There are grey areas in regards to filing a claim to cover maintenance-related costs. For example, imagine that your roof has had weak or worrisome spots for a year or so. Shingles are loose, a few are missing, and there’s a spot in your roof that even appears to be leaking.
Now, imagine that a severe windstorm hits your town, causing several more of your shingles and some of the interior roofing to get ripped off. Your roofing issue has escalated to an emergency (and a rather expensive one at that). Can you file a claim, given that wind damage is covered by your insurance policy?
The answer is that it could depend on the maintenance agreements in your insurance policy. Most insurance companies require their policyholders to practice routine maintenance on several major structural components of their homes in order to qualify for insurance. This often includes the roof.

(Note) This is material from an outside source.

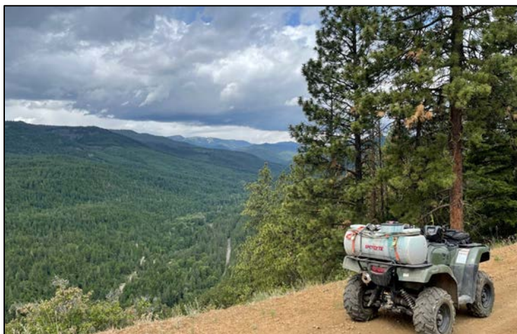
Morrison Road overlooking Taneum Canyon

L.T. Murray Wildlife Area Assistant Manager Winegeart chemically treated weeds on Moonlight and Morrison roads in Taneum Canyon.

Because the major damage was caused by a windstorm, your insurance adjuster may advise the insurance company to approve your claim. However, the insurance adjuster may find evidence that the roof was in a weakened state prior to the windstorm and rule that the major damage would not have occurred if it weren’t for your neglect. In that case, you would not only receive a claim denial but you may even get kicked off of your insurance plan.
Finding the Right Insurance Company
We hope we’ve solved the riddle of, “Should I file a home insurance claim or not?” Before we wrap up, let’s talk a bit about finding the right insurance company.
At LoPriore, we believe that each insurance policy should be custom-made to suit our policyholders’ needs and budgets. After all, no two homes are alike!
If you are looking for home insurance in Massachusetts, contact us today. Our insurance agents look forward to discussing the best ways to protect your home, wallet, and future.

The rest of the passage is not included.